A Python package for generating concise, high-quality summaries of a probability distribution

Overview

GoodPoints

A Python package for generating concise, high-quality summaries of a probability distribution

GoodPoints is a collection of tools for compressing a distribution more effectively than independent sampling:

  • Given an initial summary of n input points, kernel thinning returns s << n output points with comparable integration error across a reproducing kernel Hilbert space
  • Compress++ reduces the runtime of generic thinning algorithms with minimal loss in accuracy

Installation

To install the goodpoints package, use the following pip command:

pip install goodpoints

Getting started

The primary kernel thinning function is thin in the kt module:

from goodpoints import kt
coreset = kt.thin(X, m, split_kernel, swap_kernel, delta=0.5, seed=123, store_K=False)
    """Returns kernel thinning coreset of size floor(n/2^m) as row indices into X
    
    Args:
      X: Input sequence of sample points with shape (n, d)
      m: Number of halving rounds
      split_kernel: Kernel function used by KT-SPLIT (typically a square-root kernel, krt);
        split_kernel(y,X) returns array of kernel evaluations between y and each row of X
      swap_kernel: Kernel function used by KT-SWAP (typically the target kernel, k);
        swap_kernel(y,X) returns array of kernel evaluations between y and each row of X
      delta: Run KT-SPLIT with constant failure probabilities delta_i = delta/n
      seed: Random seed to set prior to generation; if None, no seed will be set
      store_K: If False, runs O(nd) space version which does not store kernel
        matrix; if True, stores n x n kernel matrix
    """

For example uses, please refer to the notebook examples/kt/run_kt_experiment.ipynb.

The primary Compress++ function is compresspp in the compress module:

from goodpoints import compress
coreset = compress.compresspp(X, halve, thin, g)
    """Returns Compress++(g) coreset of size sqrt(n) as row indices into X

    Args: 
        X: Input sequence of sample points with shape (n, d)
        halve: Function that takes in an (n', d) numpy array Y and returns 
          floor(n'/2) distinct row indices into Y, identifying a halved coreset
        thin: Function that takes in an (n', d) numpy array Y and returns
          2^g sqrt(n') row indices into Y, identifying a thinned coreset
        g: Oversampling factor
    """

For example uses, please refer to the code examples/compress/construct_compresspp_coresets.py.

Examples

Code in the examples directory uses the goodpoints package to recreate the experiments of the following research papers.


Kernel Thinning

@article{dwivedi2021kernel,
  title={Kernel Thinning},
  author={Raaz Dwivedi and Lester Mackey},
  journal={arXiv preprint arXiv:2105.05842},
  year={2021}
}
  1. The script examples/kt/submit_jobs_run_kt.py reproduces the vignette experiments of Kernel Thinning on a Slurm cluster by executing examples/kt/run_kt_experiment.ipynb with appropriate parameters. For the MCMC examples, it assumes that necessary data was downloaded and pre-processed following the steps listed in examples/kt/preprocess_mcmc_data.ipynb, where in the last code block we report the median heuristic based bandwidth parameteters (along with the code to compute it).
  2. After all results have been generated, the notebook plot_results.ipynb can be used to reproduce the figures of Kernel Thinning.

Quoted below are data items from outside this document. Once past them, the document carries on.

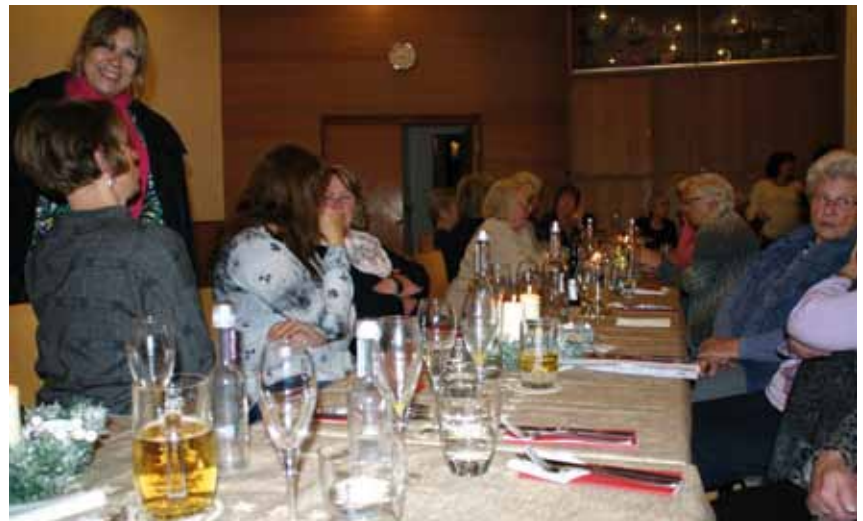
Zum Schluss war es schwer, noch ein freies Plätzchen zu finden

Zur Einstimmung gab es für Jeden ein Glas Sekt. Auch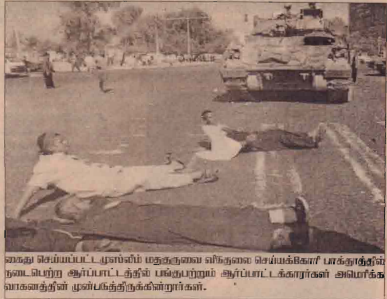
கைது செய்யப்பட்ட முஸ்லிம் மதகுருவை விடுதலை செய்யக்கொள்வார்களா? பாக்குத்தின் நடைபெற்ற ஆர்ப்பாட்டத்தில் பங்குபற்றும் ஆர்ப்பாட்டக்காரர்கள் அமெரிக்க வாக்களத்தில் முன்பகத்திற்குக்கின்றார்கள்.

அத்தோடு அமெரிக்க ஆதரவினான ஈராக்கிய ஆளுநர் சபை பிரதி நிதிகளும் இந்த உச்சி மாநாட்டில் பங்குபற்றக் கூடுமென மாநாட்டு வட்டாரங்கள் தெரிவித்துள்ளன.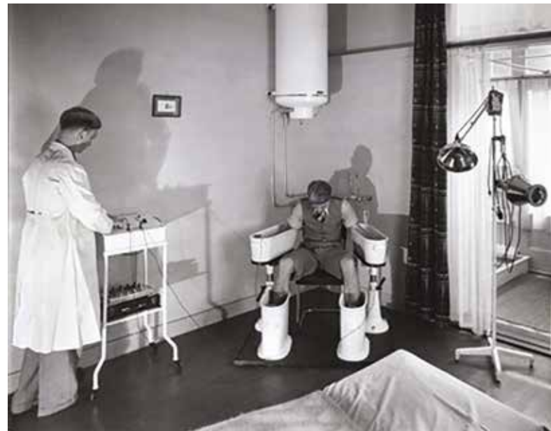
Afbeelding 4: Voorbeeld van fysische techniekbehandeling: elektrotherapie met een cellenbad in de jaren zestig van de vorige eeuw.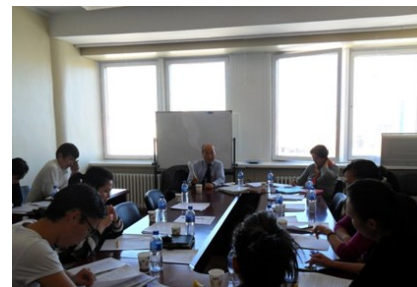
Зураг 3: ГХОЗБГ семинар

Семинарын хүрээнд Профессор Үэно ГШХО-ыг дэмжих бодлогын үндсэн асуудлууд, төр хувийн хэвшил, НЦҮ-ний үүрэг зэрэг асуудлуудыг жишээ саналд тулгуурлан авч үзсэн. Семинарын эхний хэсэг ГХОЗБГ хуучин ГХОГ-ын НЦҮ-ний үндсэн үүргийн талаар авч хэлэлцсэн. Мөн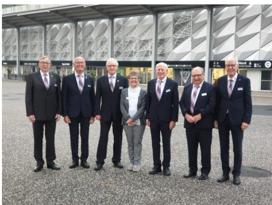
Comité central 2023

Nous avons bien travaillé au cours des trois dernières années, avec une équipe bien soudée, nous avons eu beaucoup de discussions, mais nous avons aussi finalement atteint bien des objectifs.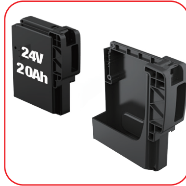
Li-ION AKÜ & AKÜ YERİ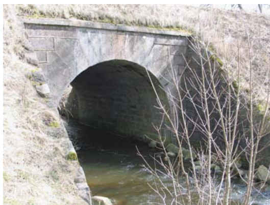
Hesselvad Bro ved Åkjær Å.

I Ribe amt er der tale om ca. 1700 fredede fortidsminder, hvoraf de ca. 220 er beliggende i Holsted, Brørup og Vejen kommuner. Det er hovedsagelig gravhøje fra bondestenalder og bronzealder, der er fredet. Kun en ganske lille del er andre monumenter/anlægstyper som Runesten (Læborg, Bække og Klebæk Høje), Viltbanesten (Stagelundgård, Drostrup, Andst Bro.), Ringvold (Trælborg ved Veerst), Hesselvad Bro ved Åkjær Å, et areal med hærvejsspor, samt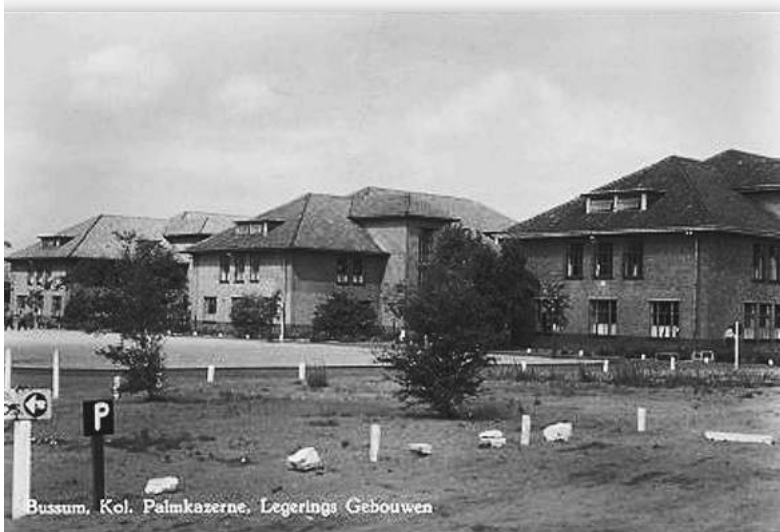
Legeringsgebouwen 1960

Met het aan het werk zetten van vijf projectontwikkelaars eind 2010 werd een belangrijke stap gezet. Een voorname eis is de aanleg van heel veel groen. Crailo grenst immers aan het bos- en heidegebied van het Goois Natuurreservaat (GNR), de Bussumer- en Westerheide. Van de in totaal 62 hectare gaat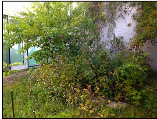
École des ouches Jardins du bas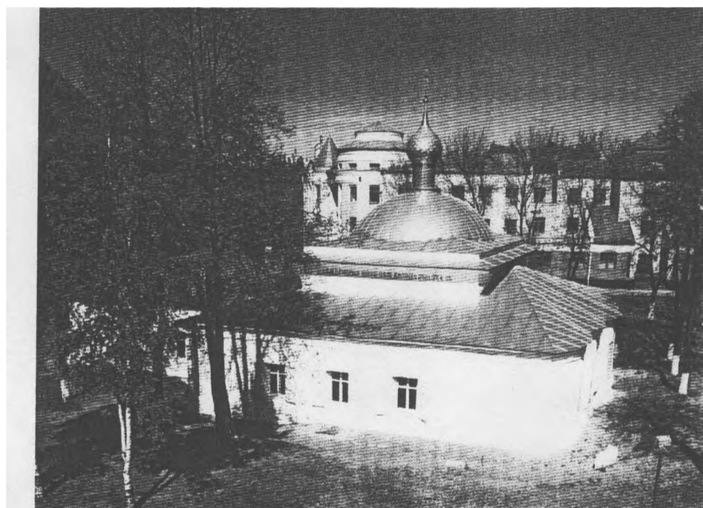
Храм Параскевы Пятницы 1

На высоком берегу Волги в зелени парков и бульваров раскинулся город Ярославль. Немного городов России могут сравниться с нашим городом по своему возрасту, богатству истории по красоте и уникальности архитектурных памятников. Особенностью нашего города является гармоничное сочетание старины и современности, что придает Ярославлю неповторимый облик и особое очарование. Смешанность различных архитектурных направлений и стилей, которые представлены в Ярославле, позволяет многим искусствоведам называть его «Флоренцией русского Севера». Ярославль - старинный русский город, обладающий памятниками древнего зодчества, что даже для простого их перечисления понадобилось бы много времени. Ярославль - город давних и крепких религиозных традиций, город живой веры. Уже полтора столетия назад ярославские церковные реликвии, древности и обычаи стали предметом изучения и описания в исторических очерках, обзорах, монографиях и книгах.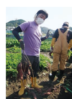
▲地域交流での芋掘り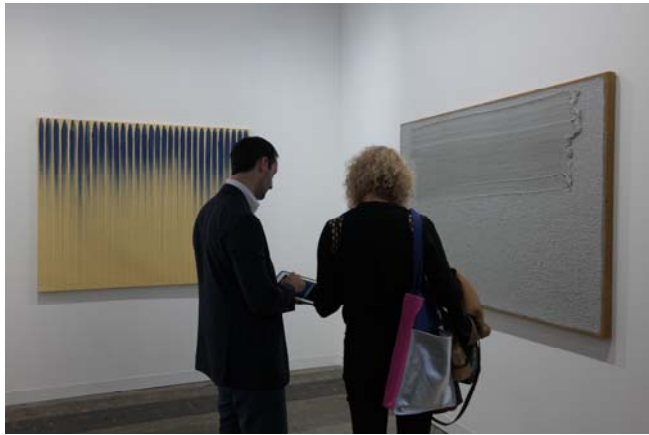
(아트바젤 홍콩) 블룸&포 갤러리에서 선보인 이우환, 하종현 작품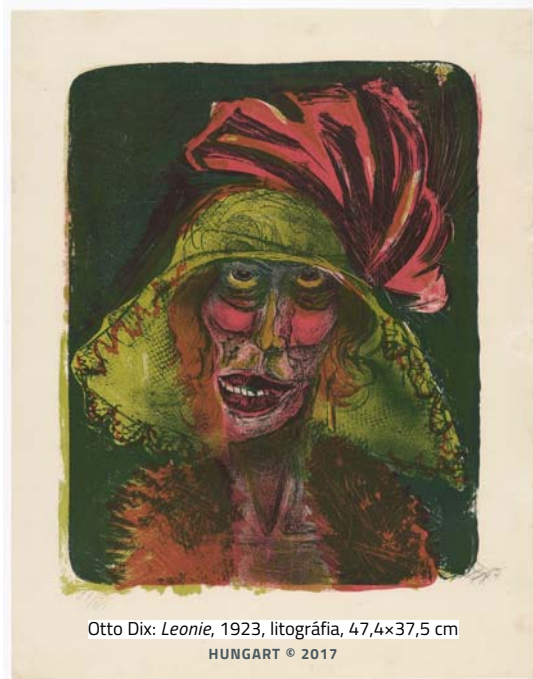
Otto Dix: Leonie , 1923, litográfia, 47,4×37,5 cm

Cornelius Gurlitt váratlan döntést hozott, amikor a náci korszakban felhalmozott, felbecsülhetetlen értékű műtárgyait örökségül adta a Kunstmuseum Bernnek, ezzel új lendületet adva a művek eredet-meghatározásának. A magányos remete, aki a vész-korszak idején összevásárolt műkincseit évtizedekig Münchenben és Salzburgban tartotta, 2014-ben, egy héttel a halála előtt hívta fel a múzeumot, hogy mint egyedüli kedvezményezett, a műtárgyakat felajánlja az intézménynek. Gurlitt hagyatéka több mint 1500 műkincset tartalmaz, többek közt Henri Matisse, Claude Monet és Otto Dix festményeit, amelyekből a múzeum 2017 őszén rendez bemutatót.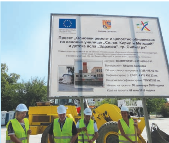
Проект "Основен ремонт и цялостно обновяване на ОУ "Св. св. Кирил и Методий" и на Детска ясла "Здравец" - гр. Силистра"

Силистра", на обща стойност около 2 265 000 лв. Проектът включва ремонт на пл. "Албена", реорганизация на кръстовище, изграждане на кътове за отдих, детска площадка и достъпна среда за хора с увреждания.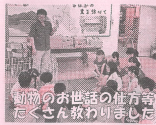
動物のお世話の仕方等たくさん教わりました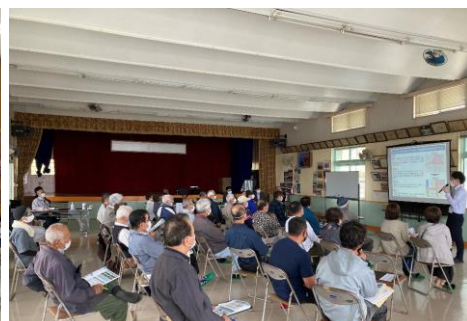
令和3年11月28日 喜仲公民館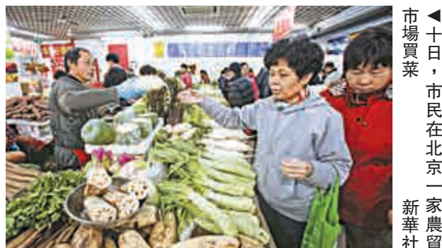
▲十日，市民在北京一家農貿市場買菜

Generalized Kernel Thinning

@article{dwivedi2021generalized,
  title={Generalized Kernel Thinning},
  author={Raaz Dwivedi and Lester Mackey},
  journal={arXiv preprint arXiv:2110.01593},
  year={2021}
}
  1. The script examples/gkt/submit_gkt_jobs.py reproduces the vignette experiments of Generalized Kernel Thinning on a Slurm cluster by executing examples/gkt/run_generalized_kt_experiment.ipynb with appropriate parameters. For the MCMC examples, it assumes that necessary data was downloaded and pre-processed following the steps listed in examples/kt/preprocess_mcmc_data.ipynb.
  2. Once the coresets are generated, examples/gkt/compute_test_function_errors.ipynb can be used to generate integration errors for different test functions.
  3. After all results have been generated, the notebook examples/gkt/plot_gkt_results.ipynb can be used to reproduce the figures of Generalized Kernel Thinning.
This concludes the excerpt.